Clinical Briefs
By Louis Kuritzky, MD
A Strategy to Reduce Cardiovascular Disease by More Than 80 Percent
Despite impressive results in cardiovascular risk reduction by applying an individual treatment (eg, statin, antihypertensive), the effect of multiple risk factor reduction has been much more elusive to quantify. Wald and Law suggest that the literature supports consideration of a combination product they call the Polypill which is a multicomponent pill containing treatments which have demonstrated efficacy to reduce CV end points by means of LDL reduction, blood pressure control, attenuation of platelet aggregability, and reduction of homocysteine (although data referable to homocysteine is predominantly observational at this time). They base their suggested composition of the Polypill upon numerous large randomized, controlled trials and metaanalyses.
Their suggested Polypill would contain either atorvastatin 10 mg or simvastatin 40 mg, 3 different antihypertensives at half-standard dose (thiazide + ARB + CCB would be best tolerated, but thiazide + beta blocker + ACE would be less expensive, albeit at almost triple that adverse effect incidence profile), folic acid 800 mg and 75 mg of ASA. Wald and Law are remarkably optimistic in their anticipation of benefits for persons older than 55 without previous CV end points: They claim, "As 96% of deaths from IHD or stroke occur in people aged 55 and over, treating everyone in this group would prevent nearly all such deaths." They go on to opine that risk factor measurement prior to institution of the Polypill would be unnecessary, since risk reduction has been demonstrated regardless of initial risk level. Wald and Law acknowledge the radical nature of their suggestions, but support the rationale with highly attractive potential benefits.
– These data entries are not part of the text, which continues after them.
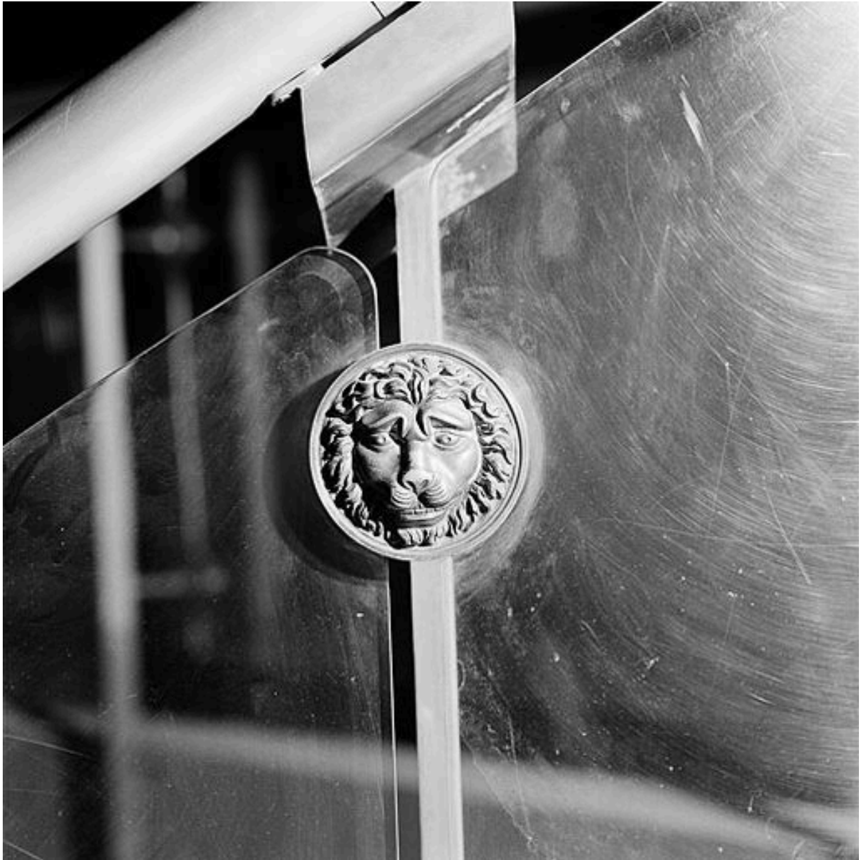
Atrium : agrafe en bronze ornant le garde-corps de l'escalier
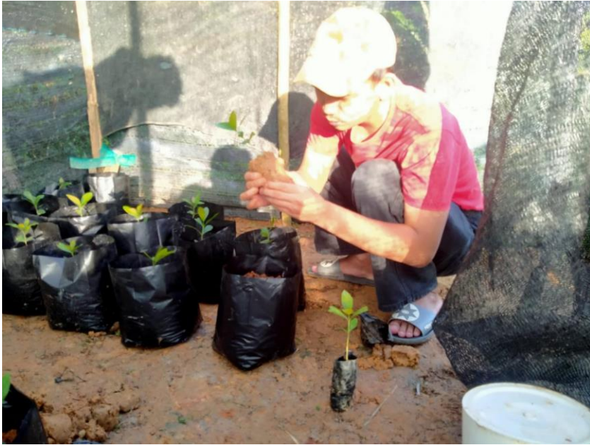
Gambar 11. Pemindahan Bibit kopi Umur 1 Bulan
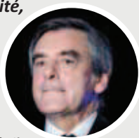
François Fillon devant les patrons le 10 mars 2016

« Le système par points, en réalité, ça permet une chose qu'aucun homme politique n'avoue : ça permet de baisser chaque année le montant des points, la valeur des points, et donc de diminuer le niveau des pensions. »
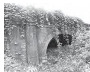
▲旧狼川トンネル(南笠東一)

草津市南部を流れる狼川は旧草津川と同様に、川底が周りの土地より高い天井川です。現在、JR線に橋が架かっていますが、かつては川の下をトンネルがくぐり、電車が通るようになった昭和31(1956)年に廃止されました。トンネルはアーチ式レンガ造、側壁は石組みで、複線が通れるように2つの穴が並んでいました。現在でも山側(東側)トンネルが土砂に埋もれながらも現存し、その北口部分は道路から見ることができません。 このトンネルの出入口部分は、縦柱と上部の横木で構成される冠木門形状をレンガで表現したデザインです。また、トンネル内部はレンガを積む方向が斜めに揃う「ねじりまんぼ」という珍しい工法で、精美な曲線が描き出されています。 滋賀県の鉄道史は、明治13(1880)年に東海道線京都―浜大津間が、同22(1889)年には草津駅を含む膳所―深谷(米原市)間が開業となりました。狼川のトンネルもこの開業に合わせて竣工しましたが、同33(1900)年の膳所―草津間の複線化に伴い、2つ穴のトンネルになったと考えられます。 このトンネルのように、私たちの身近なところにも歴史の足跡が残されています。 ※深谷(廃止)を除き、現在の駅名で記載しました
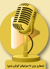
اینبارو بزن تا سوتیشو گوش بدی!

Wald NJ, Law MR. Prog Cardiovasc Dis. 2003;46:31-38.
Pearly Penile Papules: Still No Reason for Uneasiness
It is not uncommon for adult men to present to clinicians with lesions on their penis, which ultimately turn out to be pearly penile papules (PPP). These lesions appear around the margins of the glans and have been sometimes mistaken for condylomata from human papilloma virus (HPV). Indeed, some early reports misattributed PPP to HPV. Recent polymerase chain reaction specimens have failed to demonstrate HPV in PPP. Pathologic and histologic studies have shown that these small, punctuate lesions are angiofibromata, are covered with normal squamous epithelium, and may occur on the glans or corona of the penis. Because these are normal structures, patients who present with PPP should be reassured that no treatment is required.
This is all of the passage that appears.